How do push factors affect capital flows to emerging markets?
Various episodes of large, widespread waves of capital flowing to (and from) emerging markets over the past decade have re-emphasised the importance of so-called push factors in driving flows. Following the findings of Calvo et al. (1993, 1996), Chuhan et al. (1998) and others, recent papers (e.g. Forbes and Warnock 2012, Fratzscher 2012) have again documented how conditions in advanced countries can drive capital flows by non-residents (‘gross inflows’) to emerging markets, even more so than for advanced countries. Although the importance of specific factors varies across studies, a consensus has emerged on the role of US monetary policy, the supply of global liquidity (especially in US dollars) and global risk aversion in helping explain the high synchronicity of capital flows to emerging markets (see, among others, Milesi-Ferretti and Tille 2011, Shin 2012, Rey 2013, Ahmed and Zlate 2014, and Cerutti et al. 2014).

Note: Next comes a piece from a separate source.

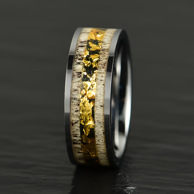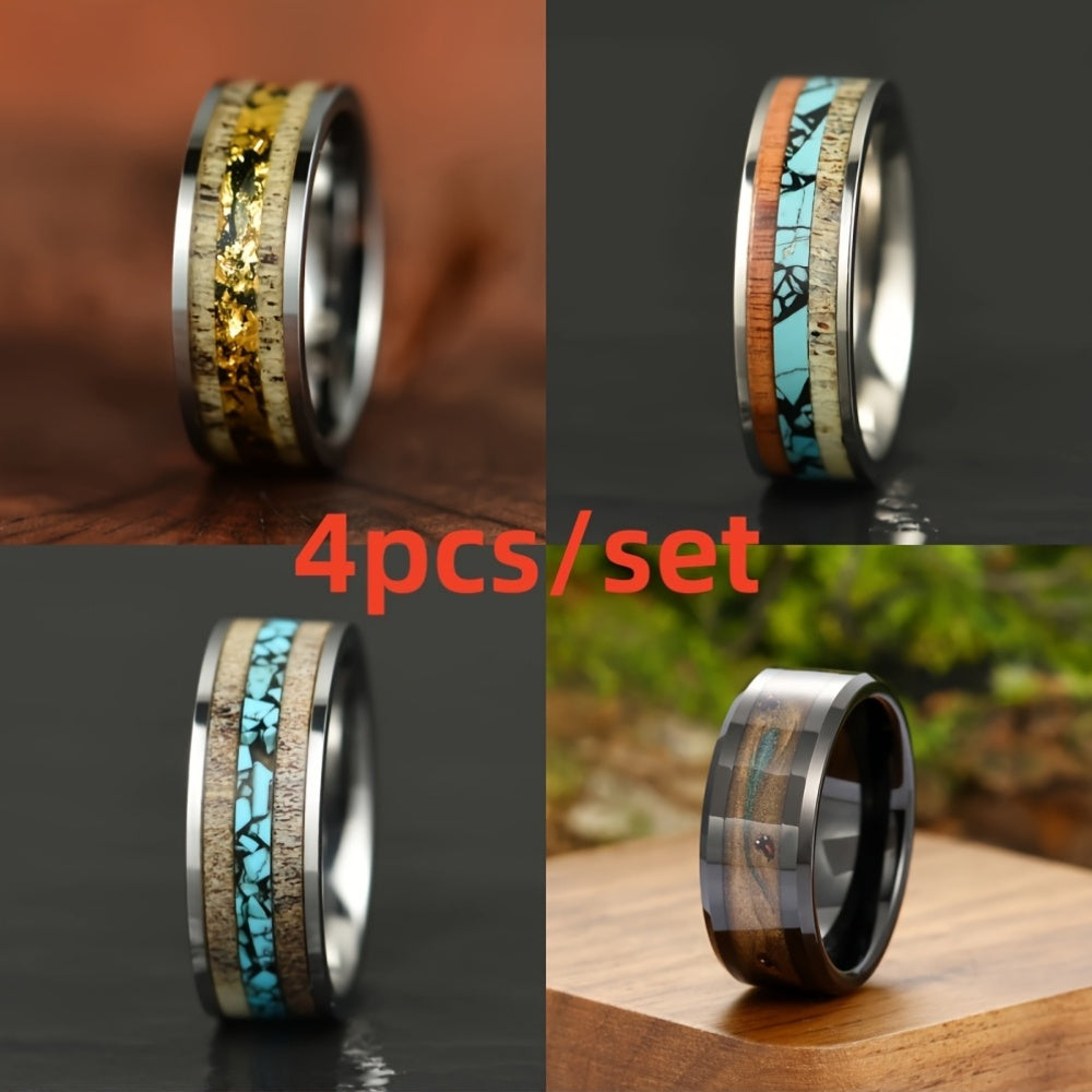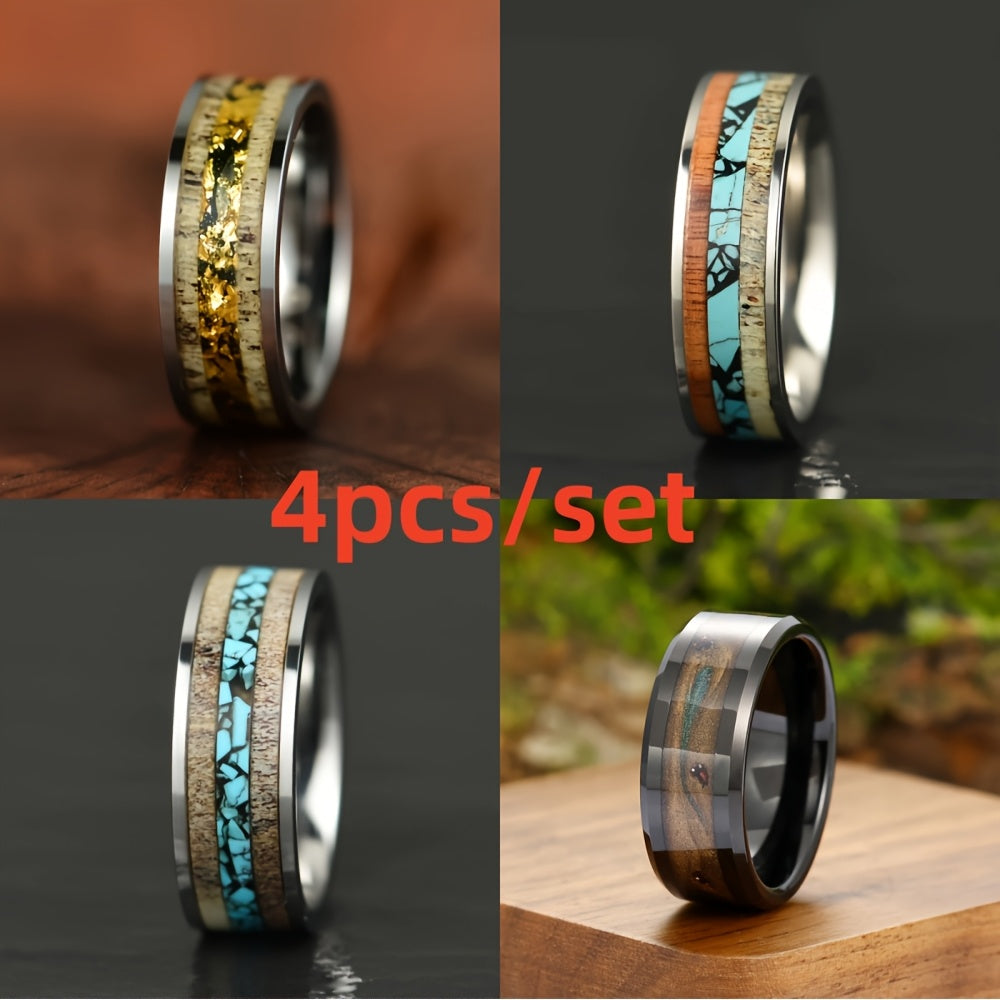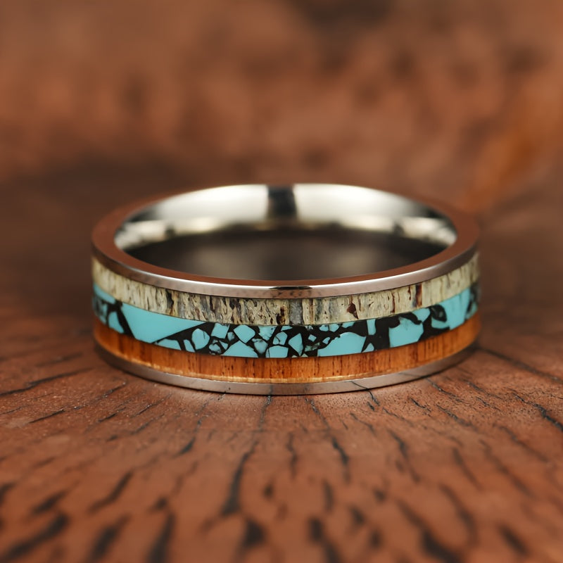 This vintage style ring set is ideal for weddings and anniversaries, making it a perfect gift for fathers or as an everyday accessory. Crafted from stainless steel with synthetic turquoise inlay.

Less appreciated has been the significant heterogeneity in the sensitivity to common dynamics across borrower countries. The sudden (and unexpected) deterioration in financial conditions in emerging markets during the so-called ‘taper tantrum’ around May 2013 illustrates this knowledge gap. While almost all emerging markets experienced outflows during this episode, some were much more affected than others (Sahay et al. 2014). But why some emerging markets are more sensitive to global factors than others remains unclear. Although some researchers have pointed to the importance of weak borrowers’ macroeconomic and institutional fundamentals in worsening the effects of changes in push factors on recipient markets (Prachi et al. 2014 and Ahmed et al. 2014), others have found opposite results.1 Aizenman et al. (2014) find over the very short term (24 hours) following announcements related to the taper tantrum a sharper deterioration of financial conditions in robust emerging markets than in fragile ones. And Eichengreen and Gupta (2014) find that better macroeconomic fundamentals (e.g. lower public debt, a higher level of reserves, or higher economic growth) did not provide insulation during the tantrum episode and rather that larger, more liquid markets experienced more pressures. As such, what drives the sensitivity of emerging markets to push factors is still very much an open question.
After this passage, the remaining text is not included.